━━ Records to use ━━

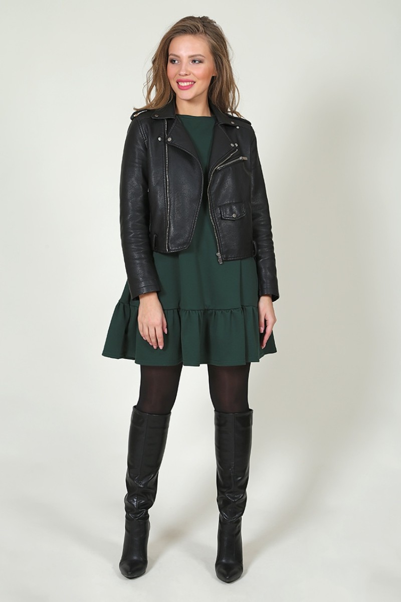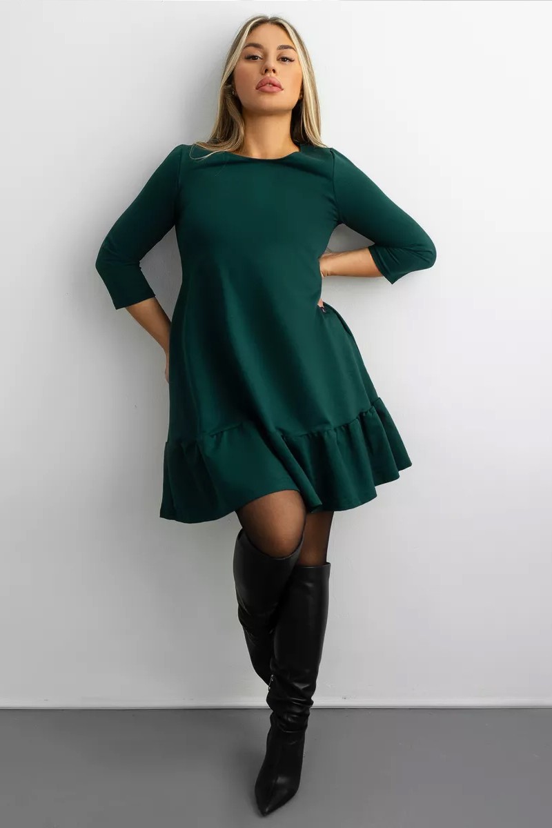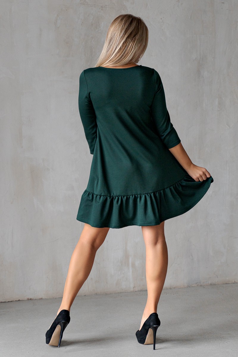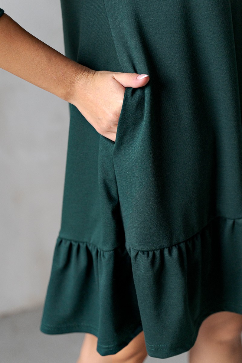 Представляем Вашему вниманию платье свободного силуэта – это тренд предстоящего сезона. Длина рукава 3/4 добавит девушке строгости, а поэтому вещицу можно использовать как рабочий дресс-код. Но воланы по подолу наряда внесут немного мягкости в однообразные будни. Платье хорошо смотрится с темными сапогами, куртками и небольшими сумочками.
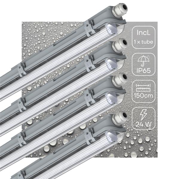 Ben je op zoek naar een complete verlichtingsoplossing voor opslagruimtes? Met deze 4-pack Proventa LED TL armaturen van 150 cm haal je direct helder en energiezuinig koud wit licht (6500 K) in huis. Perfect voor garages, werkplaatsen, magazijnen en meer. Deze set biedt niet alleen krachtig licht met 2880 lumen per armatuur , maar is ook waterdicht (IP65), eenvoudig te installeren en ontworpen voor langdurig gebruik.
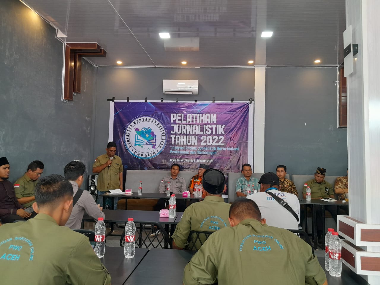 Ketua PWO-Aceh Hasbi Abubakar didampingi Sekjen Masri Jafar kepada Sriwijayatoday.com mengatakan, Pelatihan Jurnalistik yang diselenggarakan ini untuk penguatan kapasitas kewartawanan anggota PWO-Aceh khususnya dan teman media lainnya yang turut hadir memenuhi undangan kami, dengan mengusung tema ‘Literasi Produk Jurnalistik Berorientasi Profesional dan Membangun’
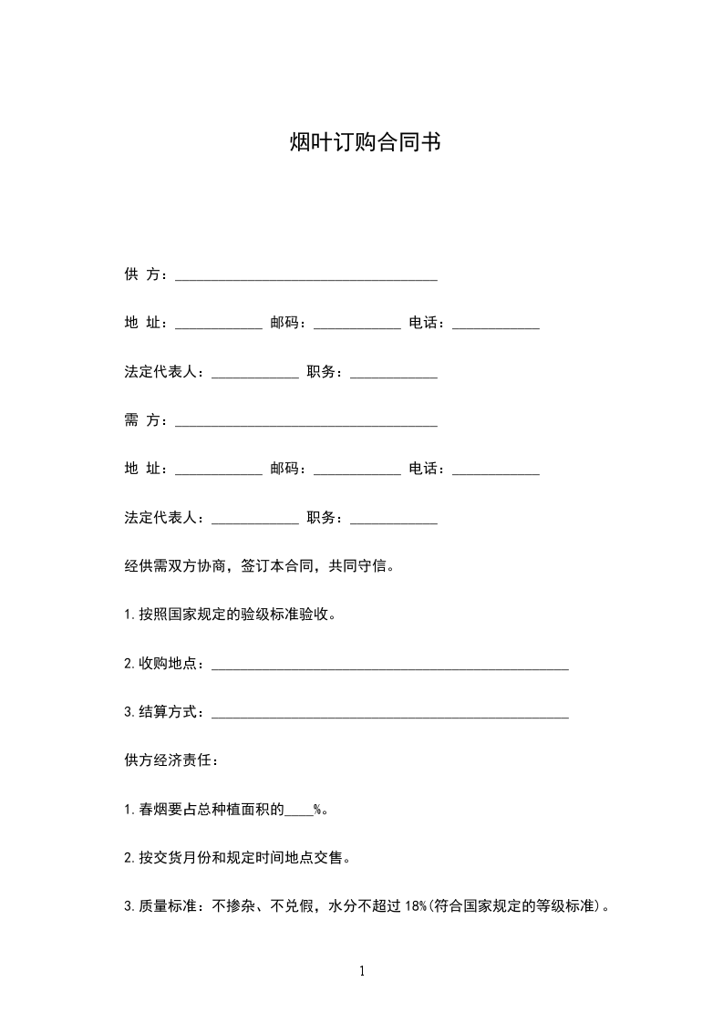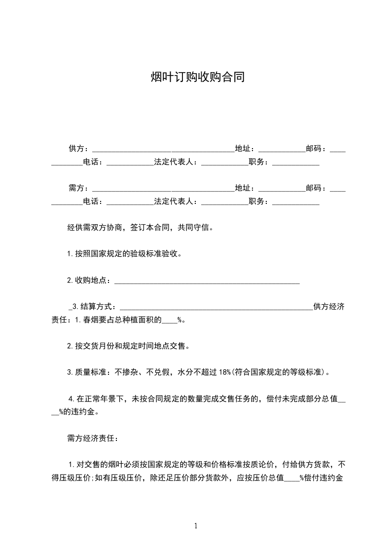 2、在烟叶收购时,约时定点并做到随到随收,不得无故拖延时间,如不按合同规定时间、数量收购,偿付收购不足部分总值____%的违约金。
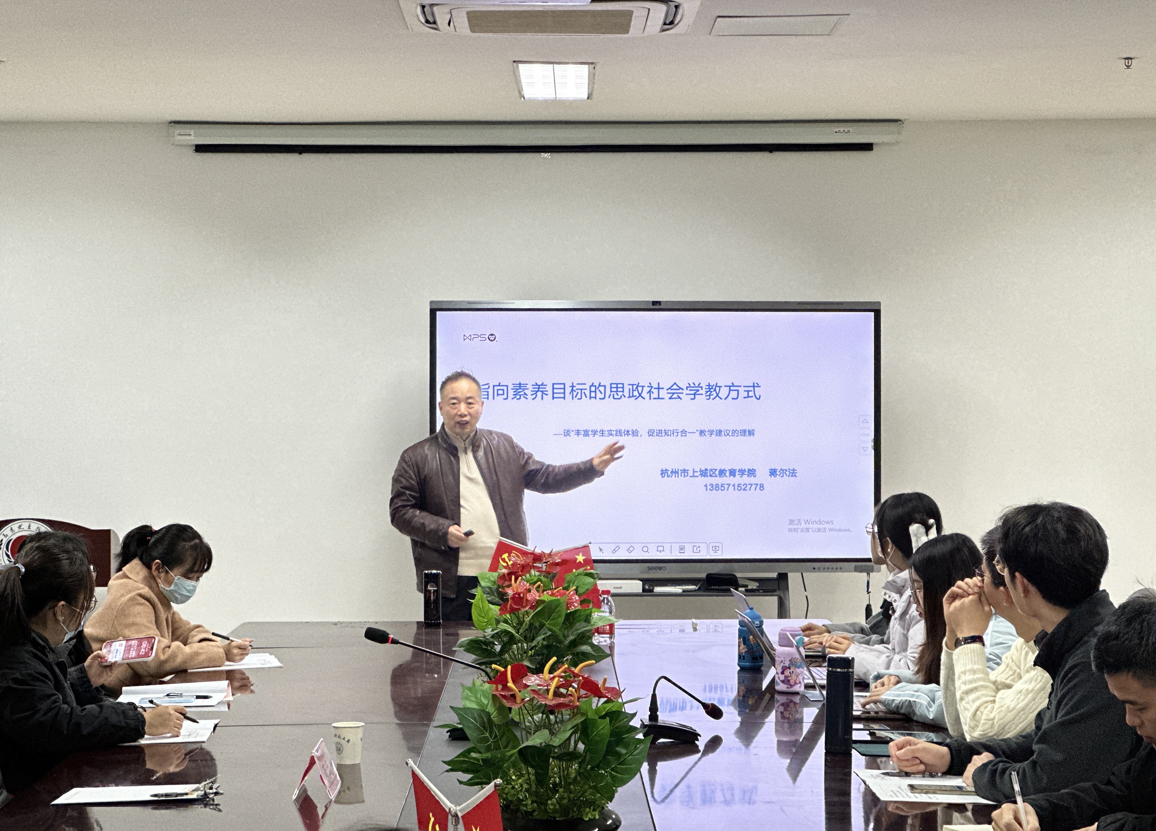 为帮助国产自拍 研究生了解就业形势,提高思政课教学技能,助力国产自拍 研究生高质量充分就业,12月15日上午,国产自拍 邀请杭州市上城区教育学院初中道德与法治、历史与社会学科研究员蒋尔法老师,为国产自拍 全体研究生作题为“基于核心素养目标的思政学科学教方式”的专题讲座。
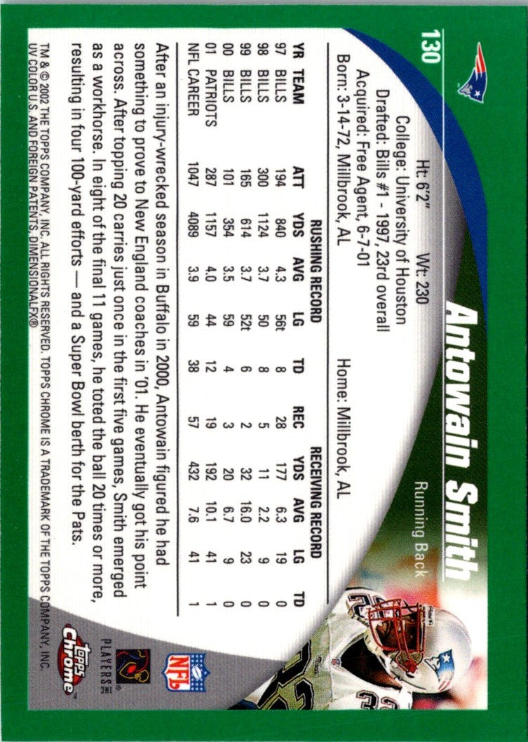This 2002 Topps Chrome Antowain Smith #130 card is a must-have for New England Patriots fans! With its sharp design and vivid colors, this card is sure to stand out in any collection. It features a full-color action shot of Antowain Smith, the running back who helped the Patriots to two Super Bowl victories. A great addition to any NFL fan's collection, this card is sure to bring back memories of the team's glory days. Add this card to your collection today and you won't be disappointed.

━━━
━━ Records to use ━━

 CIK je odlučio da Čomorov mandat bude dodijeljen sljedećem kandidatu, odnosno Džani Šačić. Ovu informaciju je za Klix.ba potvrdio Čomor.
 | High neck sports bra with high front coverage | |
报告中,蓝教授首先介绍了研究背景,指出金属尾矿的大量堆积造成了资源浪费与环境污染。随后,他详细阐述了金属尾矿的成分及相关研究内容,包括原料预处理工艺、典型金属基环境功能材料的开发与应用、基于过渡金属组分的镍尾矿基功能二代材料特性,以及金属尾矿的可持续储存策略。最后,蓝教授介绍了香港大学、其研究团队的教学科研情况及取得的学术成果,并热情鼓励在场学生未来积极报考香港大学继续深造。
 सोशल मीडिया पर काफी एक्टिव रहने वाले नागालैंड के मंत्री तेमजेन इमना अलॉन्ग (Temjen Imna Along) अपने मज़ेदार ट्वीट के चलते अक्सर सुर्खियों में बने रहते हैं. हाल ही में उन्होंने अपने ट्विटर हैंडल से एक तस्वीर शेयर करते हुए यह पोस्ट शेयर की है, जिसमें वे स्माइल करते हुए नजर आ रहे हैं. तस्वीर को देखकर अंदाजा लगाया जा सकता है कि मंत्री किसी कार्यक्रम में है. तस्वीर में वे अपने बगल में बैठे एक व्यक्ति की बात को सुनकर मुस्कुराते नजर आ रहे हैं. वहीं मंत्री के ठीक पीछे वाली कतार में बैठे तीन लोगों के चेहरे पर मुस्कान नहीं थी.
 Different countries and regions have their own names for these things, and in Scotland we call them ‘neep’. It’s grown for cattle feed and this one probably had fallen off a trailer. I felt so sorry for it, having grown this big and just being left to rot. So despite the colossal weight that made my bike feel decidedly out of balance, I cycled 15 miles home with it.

━━━

#### [Assigned task]
Extract the part of the records that opens with the line containing "Ketua PWO-Aceh Hasbi" and closes with the line containing "为帮助国产自拍 研究生了解就业形势,提高思政课教学技能,助力国产自拍 研究生高质量充分就业,12月15日上午,国产自拍". Take only those lines, exactly, and no pictures.

#### [Result of this exercise]
 Ketua PWO-Aceh Hasbi Abubakar didampingi Sekjen Masri Jafar kepada Sriwijayatoday.com mengatakan, Pelatihan Jurnalistik yang diselenggarakan ini untuk penguatan kapasitas kewartawanan anggota PWO-Aceh khususnya dan teman media lainnya yang turut hadir memenuhi undangan kami, dengan mengusung tema ‘Literasi Produk Jurnalistik Berorientasi Profesional dan Membangun’
 2、在烟叶收购时,约时定点并做到随到随收,不得无故拖延时间,如不按合同规定时间、数量收购,偿付收购不足部分总值____%的违约金。
 为帮助国产自拍 研究生了解就业形势,提高思政课教学技能,助力国产自拍 研究生高质量充分就业,12月15日上午,国产自拍 邀请杭州市上城区教育学院初中道德与法治、历史与社会学科研究员蒋尔法老师,为国产自拍 全体研究生作题为“基于核心素养目标的思政学科学教方式”的专题讲座。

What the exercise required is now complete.